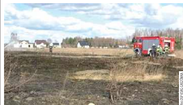
17 marca strażacy z Grzędówki gasili pożar nieużytków w swojej miejscowości na ulicy Sosnowej

We wtorek, 18 marca o godzinie 21.23 straż pożarna dostała zgłoszenie o pożarze traw wzdłuż drogi gminnej łączącej Grzędówkę z Biardami.
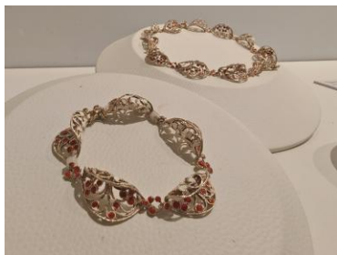
Sukho Fine Art Necklace

泰国蓝宝石是世界宝石市场的重要组成部分，分布在泰国北部和东部地区，以庄他武里府的宝石产区最为著名，每年吸引全球各地的珠宝商汇集于此，丰富的资源使蓝宝石被广泛应用于高端珠宝设计。与此同时泰国设计师尤为青睐紫水晶、黄水晶、玫瑰石英等石英家族丰富的色彩表现力，对光学效应的精妙运用是另一大特色，长石家族的晕彩和闪烁效果，被巧妙地用于模仿自然界中水波、极光与阳光的微妙光泽。此外，泰国工匠也对如绿松石这类特色宝石进行娴熟处理，通过优化工艺增强其耐久性，展现了在吸纳全球宝石资源的同时，所进行的成功文化转译与在地化创新。

▶ **Task goal**
The result should be a transcript of the lines from the line containing "We wtorek, 18" through the end of the listing above, exact, inclusive, and without pictures.

▶ **Exercise result**
We wtorek, 18 marca o godzinie 21.23 straż pożarna dostała zgłoszenie o pożarze traw wzdłuż drogi gminnej łączącej Grzędówkę z Biardami.
Sukho Fine Art Necklace

泰国蓝宝石是世界宝石市场的重要组成部分，分布在泰国北部和东部地区，以庄他武里府的宝石产区最为著名，每年吸引全球各地的珠宝商汇集于此，丰富的资源使蓝宝石被广泛应用于高端珠宝设计。与此同时泰国设计师尤为青睐紫水晶、黄水晶、玫瑰石英等石英家族丰富的色彩表现力，对光学效应的精妙运用是另一大特色，长石家族的晕彩和闪烁效果，被巧妙地用于模仿自然界中水波、极光与阳光的微妙光泽。此外，泰国工匠也对如绿松石这类特色宝石进行娴熟处理，通过优化工艺增强其耐久性，展现了在吸纳全球宝石资源的同时，所进行的成功文化转译与在地化创新。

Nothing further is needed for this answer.